## How to complete this task
Retype all of the listing exactly, with no pictures.

## Records shown
**********

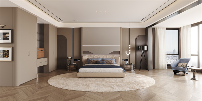 ·高級配色美學(xué):意式輕奢多以咖色、高級灰為主色調(diào),搭配金屬漆點(diǎn)綴,在視覺平衡中暗藏精致韻律,讓家成為穿著西裝的藝術(shù)家,在克制的低飽和度色彩語言里,生長出永不褪色的高級格調(diào)。
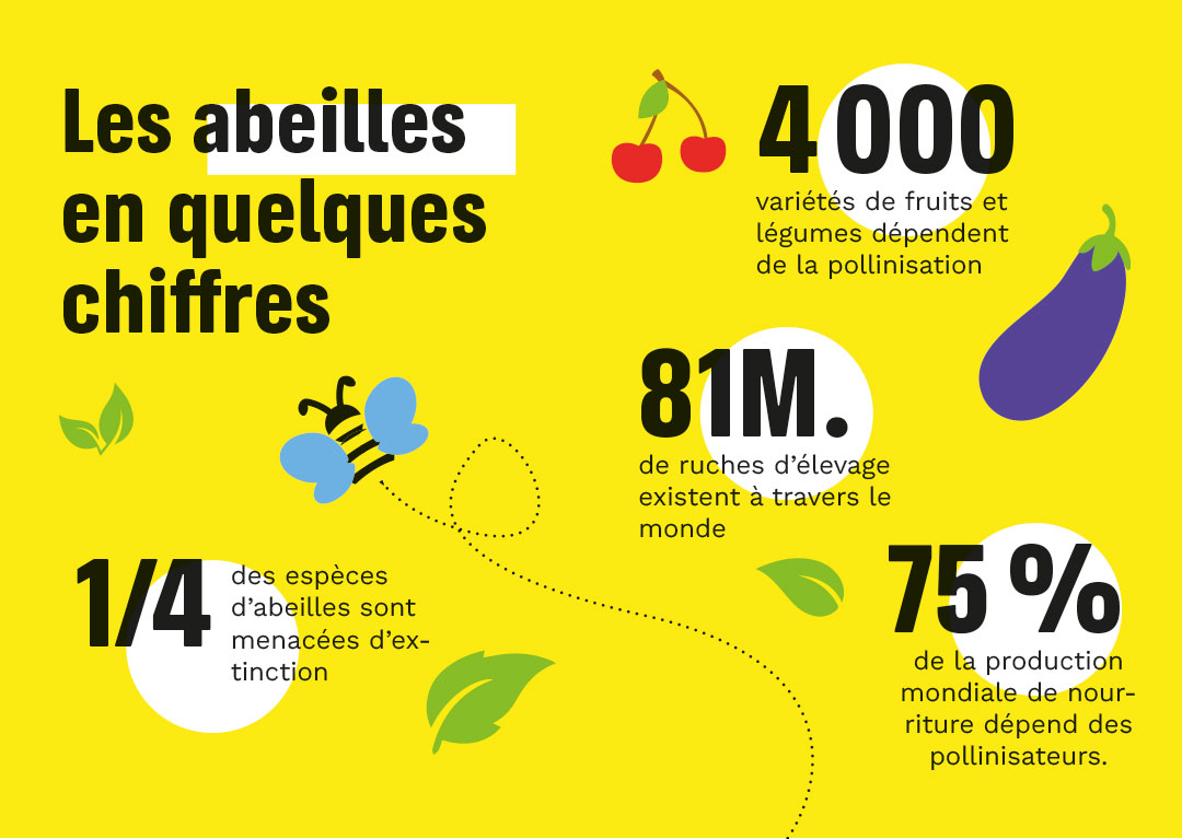 Les abeilles, comme les autres pollinisateurs, jouent un rôle crucial pour l’équilibre de nos écosystèmes et la biodiversité. Lorsque ces insectes collectent et répandent le pollen des fleurs, ils permettent aux plantes, y compris à de nombreuses cultures vivrières, de se reproduire. Environ 4 000 variétés de fruits et légumes dépendent de la pollinisation. Si les abeilles venaient à disparaître, c’est tout l’écosystème de la planète qui serait bouleversé. En outre, l’apiculture est une source non négligeable de revenus et assure un important moyen de subsistance en milieu rural : laisser les abeilles disparaître, c’est faire perdre leurs emplois à des milliers d’agriculteurs et d’agricultrices à travers le monde. Selon un rapport des Nations unies, l’abeille domestique occidentale est l’élevage de pollinisateur le plus répandu au monde, avec environ 81 millions de ruches à travers la planète.
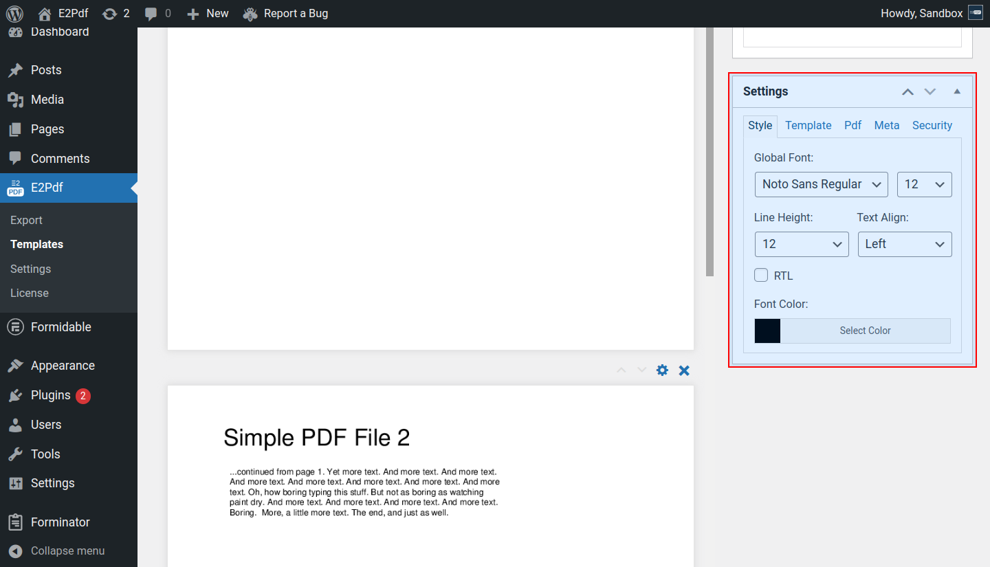 • Global Font - default text font that will be used on all E2Pdf Template elements. New fonts can be uploaded via "E2Pdf" -> "Settings" -> "Fonts".
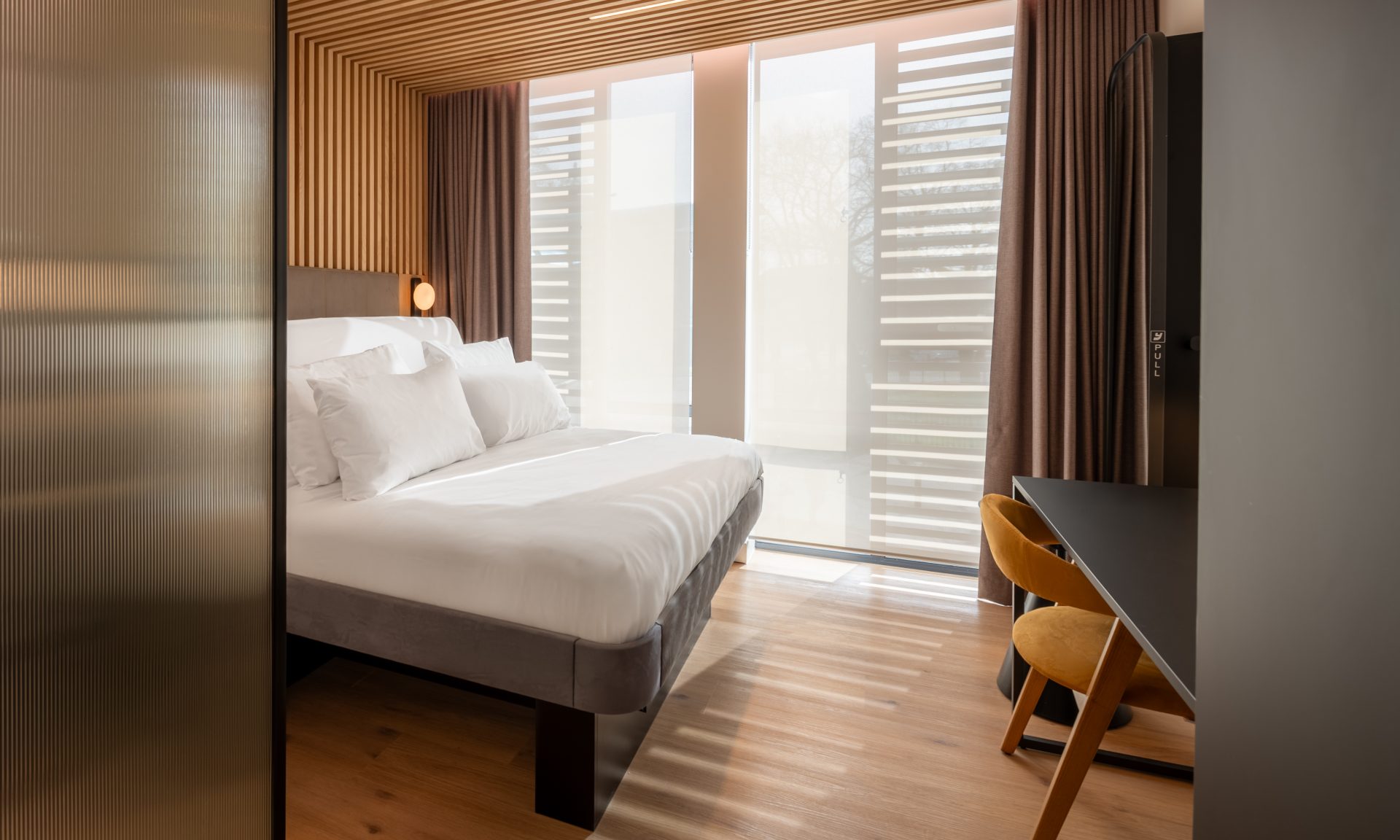 No, you won't sleep on a shelf. Instead, Yotel hotels embrace compact rooms. Some have bunk beds, though there are even some larger accommodations and suites.
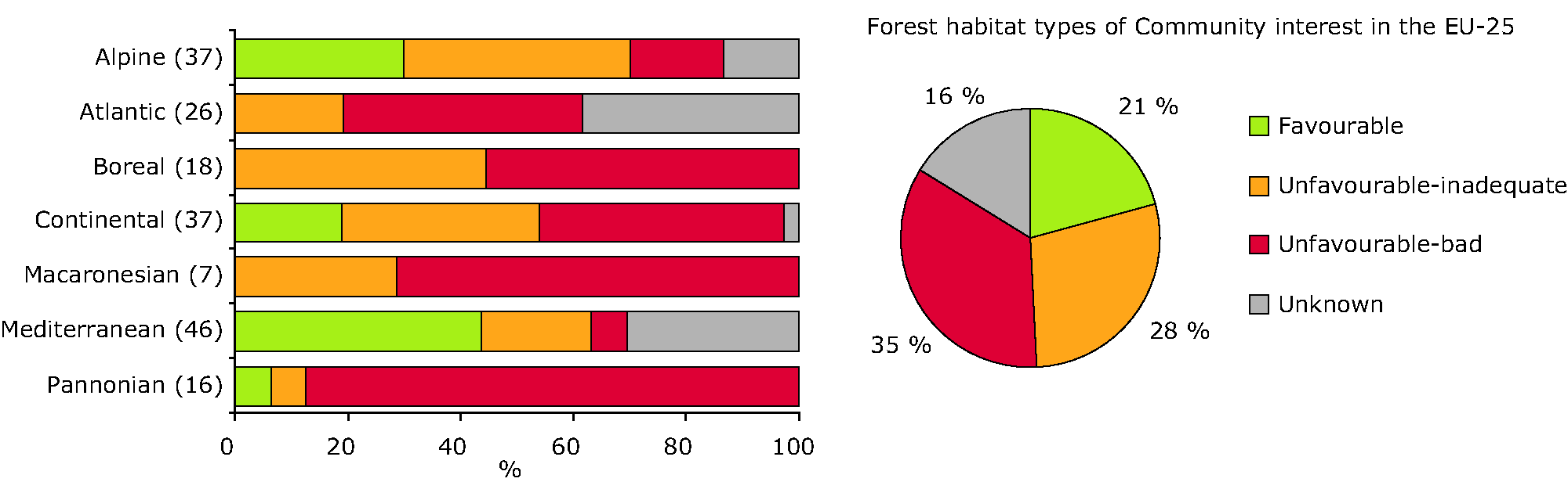 Conservation status of habitats per biogeographic area in forest ecosystems. Statistics by region on the left, overall statistics on the right.
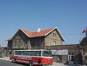 Balıkesir station (Turkish: Balıkesir Garı) is the main railway station in Balıkesir, Turkey. The station was built in 1912 by the Smyrna Cassaba Railway as part of their railway from Manisa to Bandırma. TCDD Taşımacılık operates four daily intercity trains, two of which terminate at Balıkesir.[1][2][3] The stations consists of one side platform and one island platform serving two tracks. A freight yard is adjacent to the platforms, but will be decommissioned and the station ground will be used solely for passenger trains.[4]

**********

## Exercise result
 ·高級配色美學(xué):意式輕奢多以咖色、高級灰為主色調(diào),搭配金屬漆點(diǎn)綴,在視覺平衡中暗藏精致韻律,讓家成為穿著西裝的藝術(shù)家,在克制的低飽和度色彩語言里,生長出永不褪色的高級格調(diào)。
 Les abeilles, comme les autres pollinisateurs, jouent un rôle crucial pour l’équilibre de nos écosystèmes et la biodiversité. Lorsque ces insectes collectent et répandent le pollen des fleurs, ils permettent aux plantes, y compris à de nombreuses cultures vivrières, de se reproduire. Environ 4 000 variétés de fruits et légumes dépendent de la pollinisation. Si les abeilles venaient à disparaître, c’est tout l’écosystème de la planète qui serait bouleversé. En outre, l’apiculture est une source non négligeable de revenus et assure un important moyen de subsistance en milieu rural : laisser les abeilles disparaître, c’est faire perdre leurs emplois à des milliers d’agriculteurs et d’agricultrices à travers le monde. Selon un rapport des Nations unies, l’abeille domestique occidentale est l’élevage de pollinisateur le plus répandu au monde, avec environ 81 millions de ruches à travers la planète.
 • Global Font - default text font that will be used on all E2Pdf Template elements. New fonts can be uploaded via "E2Pdf" -> "Settings" -> "Fonts".
 No, you won't sleep on a shelf. Instead, Yotel hotels embrace compact rooms. Some have bunk beds, though there are even some larger accommodations and suites.
 Conservation status of habitats per biogeographic area in forest ecosystems. Statistics by region on the left, overall statistics on the right.
 Balıkesir station (Turkish: Balıkesir Garı) is the main railway station in Balıkesir, Turkey. The station was built in 1912 by the Smyrna Cassaba Railway as part of their railway from Manisa to Bandırma. TCDD Taşımacılık operates four daily intercity trains, two of which terminate at Balıkesir.[1][2][3] The stations consists of one side platform and one island platform serving two tracks. A freight yard is adjacent to the platforms, but will be decommissioned and the station ground will be used solely for passenger trains.[4]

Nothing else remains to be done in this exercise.